**Problem requirements**
Please retype all of the data below, word for word.

Information given below:

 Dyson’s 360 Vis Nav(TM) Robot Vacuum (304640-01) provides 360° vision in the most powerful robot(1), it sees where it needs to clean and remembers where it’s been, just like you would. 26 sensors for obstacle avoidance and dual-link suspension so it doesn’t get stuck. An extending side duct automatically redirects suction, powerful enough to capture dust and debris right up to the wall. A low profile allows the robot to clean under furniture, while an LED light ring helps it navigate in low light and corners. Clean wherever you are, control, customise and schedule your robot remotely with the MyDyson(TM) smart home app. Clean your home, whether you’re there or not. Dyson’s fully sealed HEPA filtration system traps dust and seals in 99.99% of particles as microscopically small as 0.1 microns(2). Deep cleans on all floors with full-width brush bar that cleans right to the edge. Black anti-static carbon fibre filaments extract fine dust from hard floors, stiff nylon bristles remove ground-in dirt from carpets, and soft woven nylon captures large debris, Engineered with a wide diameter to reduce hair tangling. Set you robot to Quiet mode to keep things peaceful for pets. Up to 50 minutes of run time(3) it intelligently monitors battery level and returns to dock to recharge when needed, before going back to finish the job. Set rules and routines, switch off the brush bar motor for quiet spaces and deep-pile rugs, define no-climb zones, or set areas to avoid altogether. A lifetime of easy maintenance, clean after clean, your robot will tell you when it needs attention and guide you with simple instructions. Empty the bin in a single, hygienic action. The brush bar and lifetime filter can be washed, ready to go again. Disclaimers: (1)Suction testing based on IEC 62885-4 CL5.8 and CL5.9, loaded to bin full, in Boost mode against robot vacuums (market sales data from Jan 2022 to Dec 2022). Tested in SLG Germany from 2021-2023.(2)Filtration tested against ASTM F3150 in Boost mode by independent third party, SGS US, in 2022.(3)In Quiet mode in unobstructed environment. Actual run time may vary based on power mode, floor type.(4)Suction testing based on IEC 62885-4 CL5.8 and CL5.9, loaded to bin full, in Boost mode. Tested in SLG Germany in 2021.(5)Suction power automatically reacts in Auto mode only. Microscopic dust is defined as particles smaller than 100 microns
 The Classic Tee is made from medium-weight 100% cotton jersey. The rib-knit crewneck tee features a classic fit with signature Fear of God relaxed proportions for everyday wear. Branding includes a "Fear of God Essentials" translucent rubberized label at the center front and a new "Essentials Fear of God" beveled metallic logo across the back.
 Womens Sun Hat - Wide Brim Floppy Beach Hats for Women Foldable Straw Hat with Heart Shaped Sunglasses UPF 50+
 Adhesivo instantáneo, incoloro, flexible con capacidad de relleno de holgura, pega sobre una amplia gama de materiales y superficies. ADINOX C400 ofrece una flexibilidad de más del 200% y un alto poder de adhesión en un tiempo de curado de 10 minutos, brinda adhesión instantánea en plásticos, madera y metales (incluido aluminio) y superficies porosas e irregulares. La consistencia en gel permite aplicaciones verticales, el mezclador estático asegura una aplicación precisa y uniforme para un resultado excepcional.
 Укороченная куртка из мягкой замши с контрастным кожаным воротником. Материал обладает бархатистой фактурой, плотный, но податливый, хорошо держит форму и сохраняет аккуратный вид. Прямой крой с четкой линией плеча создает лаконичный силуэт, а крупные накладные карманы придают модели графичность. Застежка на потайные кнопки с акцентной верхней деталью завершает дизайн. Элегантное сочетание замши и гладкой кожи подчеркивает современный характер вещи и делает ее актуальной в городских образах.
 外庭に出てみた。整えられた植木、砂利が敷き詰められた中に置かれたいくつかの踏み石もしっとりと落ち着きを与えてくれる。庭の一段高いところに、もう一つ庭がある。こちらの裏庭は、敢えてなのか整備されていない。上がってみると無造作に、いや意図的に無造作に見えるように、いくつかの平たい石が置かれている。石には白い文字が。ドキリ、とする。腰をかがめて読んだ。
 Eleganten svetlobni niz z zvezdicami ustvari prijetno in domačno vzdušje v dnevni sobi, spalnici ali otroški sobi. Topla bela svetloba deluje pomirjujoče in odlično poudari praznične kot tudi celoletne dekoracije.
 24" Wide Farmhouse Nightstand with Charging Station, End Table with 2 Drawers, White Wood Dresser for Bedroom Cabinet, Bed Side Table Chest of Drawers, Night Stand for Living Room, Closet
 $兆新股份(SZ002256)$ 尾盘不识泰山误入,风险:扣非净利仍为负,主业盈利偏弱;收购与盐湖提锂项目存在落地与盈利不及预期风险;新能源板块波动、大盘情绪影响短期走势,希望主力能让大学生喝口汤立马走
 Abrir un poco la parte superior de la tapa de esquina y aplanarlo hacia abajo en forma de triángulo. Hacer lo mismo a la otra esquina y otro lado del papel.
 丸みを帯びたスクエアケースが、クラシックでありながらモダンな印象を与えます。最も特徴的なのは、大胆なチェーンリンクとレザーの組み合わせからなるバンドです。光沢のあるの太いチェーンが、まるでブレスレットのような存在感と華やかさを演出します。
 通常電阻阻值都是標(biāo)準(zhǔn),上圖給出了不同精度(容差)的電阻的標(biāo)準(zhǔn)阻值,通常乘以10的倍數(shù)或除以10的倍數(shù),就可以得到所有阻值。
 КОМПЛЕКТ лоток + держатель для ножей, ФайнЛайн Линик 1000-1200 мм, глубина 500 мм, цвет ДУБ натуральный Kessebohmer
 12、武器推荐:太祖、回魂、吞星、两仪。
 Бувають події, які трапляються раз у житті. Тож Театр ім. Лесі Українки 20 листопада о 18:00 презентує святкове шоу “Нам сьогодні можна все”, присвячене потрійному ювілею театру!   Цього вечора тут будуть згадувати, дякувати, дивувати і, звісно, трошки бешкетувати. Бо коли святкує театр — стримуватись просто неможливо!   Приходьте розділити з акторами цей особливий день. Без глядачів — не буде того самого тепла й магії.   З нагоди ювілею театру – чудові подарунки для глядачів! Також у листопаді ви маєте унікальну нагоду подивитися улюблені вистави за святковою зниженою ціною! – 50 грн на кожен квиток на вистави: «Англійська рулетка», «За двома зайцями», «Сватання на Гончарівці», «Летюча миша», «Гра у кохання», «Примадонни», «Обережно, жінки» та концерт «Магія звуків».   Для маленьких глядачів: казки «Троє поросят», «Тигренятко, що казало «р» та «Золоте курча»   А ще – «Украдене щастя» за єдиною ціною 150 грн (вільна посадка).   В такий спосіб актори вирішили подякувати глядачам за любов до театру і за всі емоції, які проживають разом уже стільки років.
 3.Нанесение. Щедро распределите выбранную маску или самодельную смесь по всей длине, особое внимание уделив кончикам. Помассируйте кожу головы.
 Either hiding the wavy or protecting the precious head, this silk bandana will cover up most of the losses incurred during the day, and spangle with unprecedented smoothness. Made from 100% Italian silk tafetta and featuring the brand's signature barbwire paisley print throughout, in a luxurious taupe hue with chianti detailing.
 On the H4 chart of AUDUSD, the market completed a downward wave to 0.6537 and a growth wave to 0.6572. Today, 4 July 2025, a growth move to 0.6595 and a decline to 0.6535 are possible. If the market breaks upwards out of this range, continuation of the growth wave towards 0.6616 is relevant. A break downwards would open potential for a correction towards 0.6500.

End of Information given.

**Answer space**
 Dyson’s 360 Vis Nav(TM) Robot Vacuum (304640-01) provides 360° vision in the most powerful robot(1), it sees where it needs to clean and remembers where it’s been, just like you would. 26 sensors for obstacle avoidance and dual-link suspension so it doesn’t get stuck. An extending side duct automatically redirects suction, powerful enough to capture dust and debris right up to the wall. A low profile allows the robot to clean under furniture, while an LED light ring helps it navigate in low light and corners. Clean wherever you are, control, customise and schedule your robot remotely with the MyDyson(TM) smart home app. Clean your home, whether you’re there or not. Dyson’s fully sealed HEPA filtration system traps dust and seals in 99.99% of particles as microscopically small as 0.1 microns(2). Deep cleans on all floors with full-width brush bar that cleans right to the edge. Black anti-static carbon fibre filaments extract fine dust from hard floors, stiff nylon bristles remove ground-in dirt from carpets, and soft woven nylon captures large debris, Engineered with a wide diameter to reduce hair tangling. Set you robot to Quiet mode to keep things peaceful for pets. Up to 50 minutes of run time(3) it intelligently monitors battery level and returns to dock to recharge when needed, before going back to finish the job. Set rules and routines, switch off the brush bar motor for quiet spaces and deep-pile rugs, define no-climb zones, or set areas to avoid altogether. A lifetime of easy maintenance, clean after clean, your robot will tell you when it needs attention and guide you with simple instructions. Empty the bin in a single, hygienic action. The brush bar and lifetime filter can be washed, ready to go again. Disclaimers: (1)Suction testing based on IEC 62885-4 CL5.8 and CL5.9, loaded to bin full, in Boost mode against robot vacuums (market sales data from Jan 2022 to Dec 2022). Tested in SLG Germany from 2021-2023.(2)Filtration tested against ASTM F3150 in Boost mode by independent third party, SGS US, in 2022.(3)In Quiet mode in unobstructed environment. Actual run time may vary based on power mode, floor type.(4)Suction testing based on IEC 62885-4 CL5.8 and CL5.9, loaded to bin full, in Boost mode. Tested in SLG Germany in 2021.(5)Suction power automatically reacts in Auto mode only. Microscopic dust is defined as particles smaller than 100 microns
 The Classic Tee is made from medium-weight 100% cotton jersey. The rib-knit crewneck tee features a classic fit with signature Fear of God relaxed proportions for everyday wear. Branding includes a "Fear of God Essentials" translucent rubberized label at the center front and a new "Essentials Fear of God" beveled metallic logo across the back.
 Womens Sun Hat - Wide Brim Floppy Beach Hats for Women Foldable Straw Hat with Heart Shaped Sunglasses UPF 50+
 Adhesivo instantáneo, incoloro, flexible con capacidad de relleno de holgura, pega sobre una amplia gama de materiales y superficies. ADINOX C400 ofrece una flexibilidad de más del 200% y un alto poder de adhesión en un tiempo de curado de 10 minutos, brinda adhesión instantánea en plásticos, madera y metales (incluido aluminio) y superficies porosas e irregulares. La consistencia en gel permite aplicaciones verticales, el mezclador estático asegura una aplicación precisa y uniforme para un resultado excepcional.
 Укороченная куртка из мягкой замши с контрастным кожаным воротником. Материал обладает бархатистой фактурой, плотный, но податливый, хорошо держит форму и сохраняет аккуратный вид. Прямой крой с четкой линией плеча создает лаконичный силуэт, а крупные накладные карманы придают модели графичность. Застежка на потайные кнопки с акцентной верхней деталью завершает дизайн. Элегантное сочетание замши и гладкой кожи подчеркивает современный характер вещи и делает ее актуальной в городских образах.
 外庭に出てみた。整えられた植木、砂利が敷き詰められた中に置かれたいくつかの踏み石もしっとりと落ち着きを与えてくれる。庭の一段高いところに、もう一つ庭がある。こちらの裏庭は、敢えてなのか整備されていない。上がってみると無造作に、いや意図的に無造作に見えるように、いくつかの平たい石が置かれている。石には白い文字が。ドキリ、とする。腰をかがめて読んだ。
 Eleganten svetlobni niz z zvezdicami ustvari prijetno in domačno vzdušje v dnevni sobi, spalnici ali otroški sobi. Topla bela svetloba deluje pomirjujoče in odlično poudari praznične kot tudi celoletne dekoracije.
 24" Wide Farmhouse Nightstand with Charging Station, End Table with 2 Drawers, White Wood Dresser for Bedroom Cabinet, Bed Side Table Chest of Drawers, Night Stand for Living Room, Closet
 $兆新股份(SZ002256)$ 尾盘不识泰山误入,风险:扣非净利仍为负,主业盈利偏弱;收购与盐湖提锂项目存在落地与盈利不及预期风险;新能源板块波动、大盘情绪影响短期走势,希望主力能让大学生喝口汤立马走
 Abrir un poco la parte superior de la tapa de esquina y aplanarlo hacia abajo en forma de triángulo. Hacer lo mismo a la otra esquina y otro lado del papel.
 丸みを帯びたスクエアケースが、クラシックでありながらモダンな印象を与えます。最も特徴的なのは、大胆なチェーンリンクとレザーの組み合わせからなるバンドです。光沢のあるの太いチェーンが、まるでブレスレットのような存在感と華やかさを演出します。
 通常電阻阻值都是標(biāo)準(zhǔn),上圖給出了不同精度(容差)的電阻的標(biāo)準(zhǔn)阻值,通常乘以10的倍數(shù)或除以10的倍數(shù),就可以得到所有阻值。
 КОМПЛЕКТ лоток + держатель для ножей, ФайнЛайн Линик 1000-1200 мм, глубина 500 мм, цвет ДУБ натуральный Kessebohmer
 12、武器推荐:太祖、回魂、吞星、两仪。
 Бувають події, які трапляються раз у житті. Тож Театр ім. Лесі Українки 20 листопада о 18:00 презентує святкове шоу “Нам сьогодні можна все”, присвячене потрійному ювілею театру!   Цього вечора тут будуть згадувати, дякувати, дивувати і, звісно, трошки бешкетувати. Бо коли святкує театр — стримуватись просто неможливо!   Приходьте розділити з акторами цей особливий день. Без глядачів — не буде того самого тепла й магії.   З нагоди ювілею театру – чудові подарунки для глядачів! Також у листопаді ви маєте унікальну нагоду подивитися улюблені вистави за святковою зниженою ціною! – 50 грн на кожен квиток на вистави: «Англійська рулетка», «За двома зайцями», «Сватання на Гончарівці», «Летюча миша», «Гра у кохання», «Примадонни», «Обережно, жінки» та концерт «Магія звуків».   Для маленьких глядачів: казки «Троє поросят», «Тигренятко, що казало «р» та «Золоте курча»   А ще – «Украдене щастя» за єдиною ціною 150 грн (вільна посадка).   В такий спосіб актори вирішили подякувати глядачам за любов до театру і за всі емоції, які проживають разом уже стільки років.
 3.Нанесение. Щедро распределите выбранную маску или самодельную смесь по всей длине, особое внимание уделив кончикам. Помассируйте кожу головы.
 Either hiding the wavy or protecting the precious head, this silk bandana will cover up most of the losses incurred during the day, and spangle with unprecedented smoothness. Made from 100% Italian silk tafetta and featuring the brand's signature barbwire paisley print throughout, in a luxurious taupe hue with chianti detailing.
 On the H4 chart of AUDUSD, the market completed a downward wave to 0.6537 and a growth wave to 0.6572. Today, 4 July 2025, a growth move to 0.6595 and a decline to 0.6535 are possible. If the market breaks upwards out of this range, continuation of the growth wave towards 0.6616 is relevant. A break downwards would open potential for a correction towards 0.6500.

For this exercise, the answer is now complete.